现在,如果添加到运行队列的新任务抢占了当前任务
任务,然后唤醒设置 TIF_NEED_RESCHED 和 schedule() 获取
在最近的可能场合致电:
- 如果内核是可抢占的(CONFIG_PREEMPT=y):
- 在系统调用或异常上下文中,在下一个最外面
抢占启用()。 (这可能是唤醒()的尽快
自旋解锁()!)
- 在 IRQ 上下文中,从中断处理程序返回到
可抢占的上下文
- 如果内核不可抢占(CONFIG_PREEMPT 未设置)
然后在下一个:
- cond_resched() 调用
- 显式 schedule() 调用
- 从系统调用或异常返回到用户空间
- 从中断处理程序返回到用户空间
在显示调度的场景下,例如进程的退出、获取锁或者信号量的情况下等都会进行主动的进程调度。
举例以futex为例,在使用futex_wait的时候实际上的调用逻辑如下:
SYSCALL_DEFINE6(futex, u32 __user *, uaddr, int, op, u32, val,
struct timespec __user *, utime, u32 __user *, uaddr2,
u32, val3)
{
...
return do_futex(uaddr, op, val, tp, uaddr2, val2, val3);
}
long do_futex(u32 __user *uaddr, int op, u32 val, ktime_t *timeout,
u32 __user *uaddr2, u32 val2, u32 val3)
{
...
switch (cmd) {
...
return futex_wait(uaddr, flags, val, timeout, val3);
...
}
static int futex_wait(u32 __user *uaddr, unsigned int flags, u32 val,
ktime_t *abs_time, u32 bitset)
{
struct hrtimer_sleeper timeout, *to = NULL;
struct restart_block *restart;
struct futex_hash_bucket *hb;
struct futex_q q = futex_q_init;
int ret;
if (!bitset)
return -EINVAL;
q.bitset = bitset;
if (abs_time) {
to = &timeout;
hrtimer_init_on_stack(&to->timer, (flags & FLAGS_CLOCKRT) ?

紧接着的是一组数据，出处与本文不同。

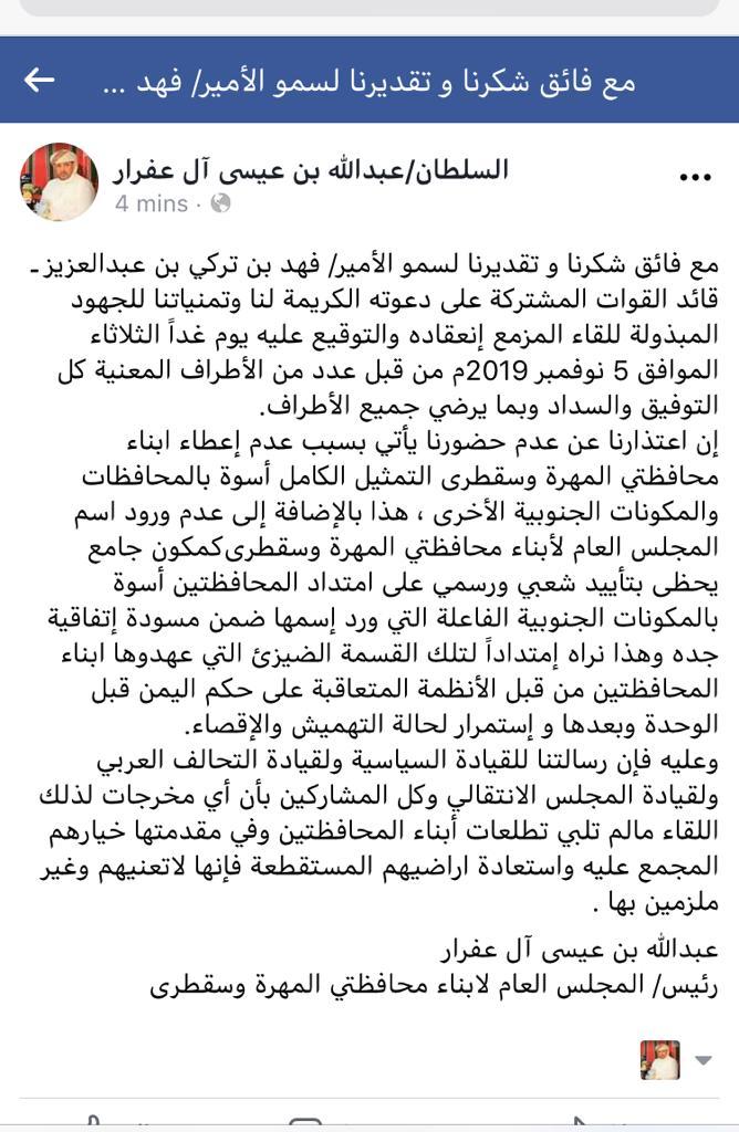 اعتذر المجلس العام لأبناء محافظتي المهرة وسقطرى عن حضور حفل توقيع اتفاق الرياض بين الحكومة الشرعية وما يسمى “المجلس الانتقالي الجنوبي” التابع للإمارات.

CLOCK_REALTIME : CLOCK_MONOTONIC,
HRTIMER_MODE_ABS);
hrtimer_init_sleeper(to, current);
hrtimer_set_expires_range_ns(&to->timer, *abs_time,
current->timer_slack_ns);
}
...
/* queue_me and wait for wakeup, timeout, or a signal. */
futex_wait_queue_me(hb, &q, to);
...
}
static void futex_wait_queue_me(struct futex_hash_bucket *hb, struct futex_q *q,
struct hrtimer_sleeper *timeout)
{
/*
* The task state is guaranteed to be set before another task can
* wake it. set_current_state() is implemented using set_mb() and
* queue_me() calls spin_unlock() upon completion, both serializing
* access to the hash list and forcing another memory barrier.
*/
set_current_state(TASK_INTERRUPTIBLE);
queue_me(q, hb);
/* Arm the timer */
if (timeout) {
hrtimer_start_expires(&timeout->timer, HRTIMER_MODE_ABS);
if (!hrtimer_active(&timeout->timer))
timeout->task = NULL;
}
/*
* If we have been removed from the hash list, then another task
* has tried to wake us, and we can skip the call to schedule().
*/
if (likely(!plist_node_empty(&q->list))) {
/*
* If the timer has already expired, current will already be
* flagged for rescheduling. Only call schedule if there
* is no timeout, or if it has yet to expire.
*/
if (!timeout || timeout->task)
schedule(); // 等待进行主动的进程调度
}
__set_current_state(TASK_RUNNING);
}
从整个的流程来看显示的调用场景基本上都会调用到schedule()函数。
有关semaphore相关的操作也可查看semaphore.c文件来看当中也调用了schedule_timeout来主动调度。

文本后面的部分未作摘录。